In addition to this, three risk indicators were found to have high levels of intra-rater reliability, but low levels of interrater reliability. The interrater reliability of the indicator ‘Planning or preparation of acts of violent extremism’ (SCI.6), may be low due to the lack of clarity over how the indicator should be assessed if the person concerned is suspected or convicted of a crime that sought to prepare or facilitate a violent extremist or terrorist crime. This concerns specific types of crime, such as financing and incitement, where it is sometimes not clear whether these were preceded by clear preparatory acts. In order to increase the interrater reliability of this indicator, clarification is required over how the indicator should be assessed with respect to these types of crime. With regard to the indicator ‘Organizational skills and access to funding and sources of help’ (HAC.6), one could argue that the indicator encompasses too many different concepts related to the ability to plan and execute violent extremist or terrorist acts. Higher interrater reliability may thus be achieved if the indicator were to focus on the organizational skills of the person concerned, with access to funding and sources of help as constituting examples from which this could be derived. The interrater reliability of the indicator ‘Change in concept of the enemy’ (P.3) may be low due to a lack of clarity over how the indicator should be assessed if the person concerned has no enemy. Given that enemy images are closely linked to grievances about perceived injustices, higher interrater reliability could be achieved if the indicator would focus on changes in grievances.
Limitations and recommendations
Although the present study undoubtedly provides valuable insights into the reliability of the VERA-2R, the findings should be considered in light of certain limitations. The first limitation is that, although the research design simulates the practice of structured professional risk assessment as closely as possible, it needs to be defined as a research setting.

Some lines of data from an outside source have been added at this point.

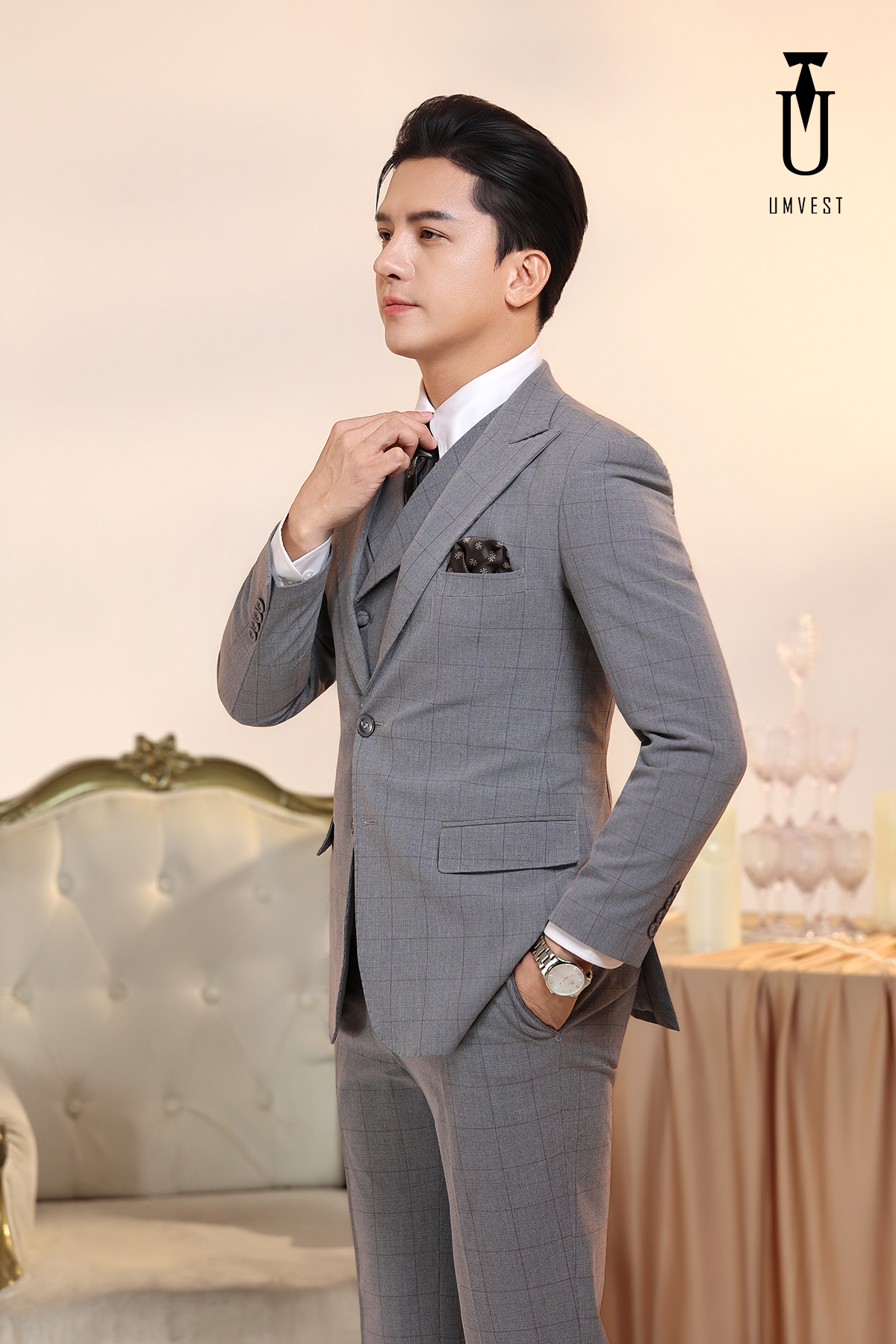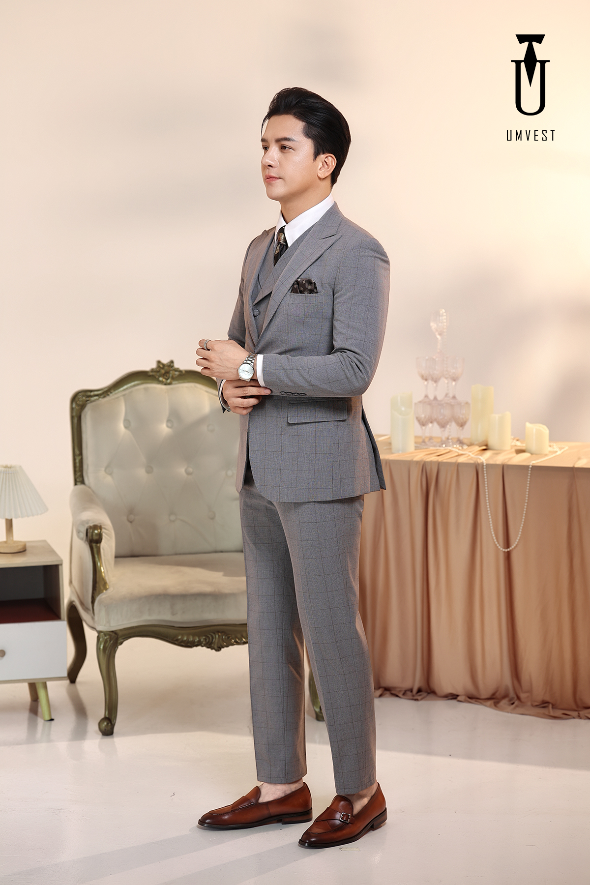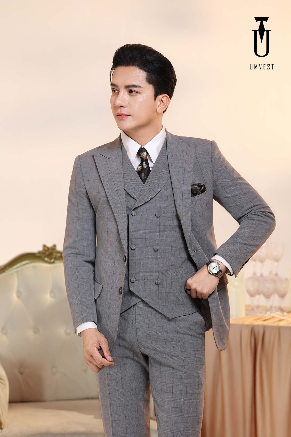 Vest Nam Xám Nhạt Kẻ Gile Sam
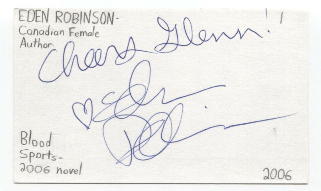 Eden Robinson Signed 3x5 Index Card Autographed Signature Author Writer
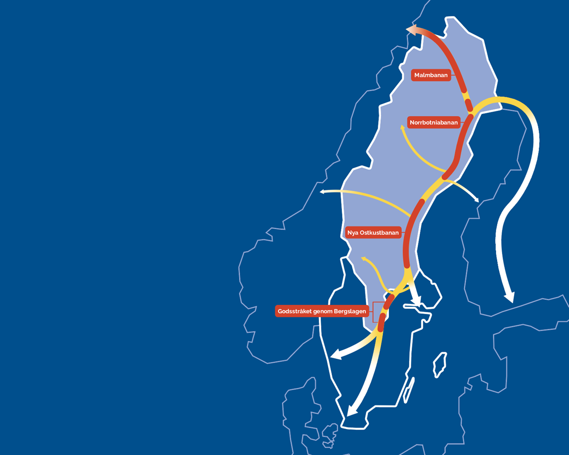 - Ett samlat finansieringspaket för Malmbanan, Norrbotniabanan, Nya Ostkustbanan och Godsstråket genom Bergslagen.
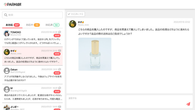 PARKLoTは、Twitterのフォロワーを劇的に増やすSNSマーケティング施策を数多く手掛けているSNSの専門家集団です。社内に蓄積した経験やノウハウを「問い合わせ一括管理ツール」の開発に注ぎ込み、使いやすい理想的なインターフェイスを実現します。

In this study, VERA-2R assessments were carried out by researchers who were trained in the use of the VERA-2R on the basis of judicial files, while, in practice, VERA-2R assessments are carried out by professionals who have extensive experience in undertaking individual risk assessments, preferably on the basis of judicial files and direct interviews with the person concerned. Since assessors must use their professional judgement to arrive at structured risk judgements (20), the use of research assessors can be criticized on the grounds of their ability to form adequate structured risk judgements. However, we partially overcame this limitation by providing a two-day training course for the researchers, in which they acquired experience in forming structured risk judgements. With regard to the exclusion of interviews, it’s important to state that the inclusion of personal interviews is not a requirement for the use of the VERA-2R. If the person concerned is absent or refuses to co-operate, VERA-2R assessments can and will be carried out without the information that would be obtained from a direct interview (20). But, very importantly, we used extensive judicial court files that also included forensic psychological and forensic psychiatric reports. A second limitation pertains to the fact that the results are based on a relative small sample size. Given that a larger sample sizes produces more reliable results with greater precision and power (46), follow-up research should be carried out to determine if the results can be replicated in a larger sample.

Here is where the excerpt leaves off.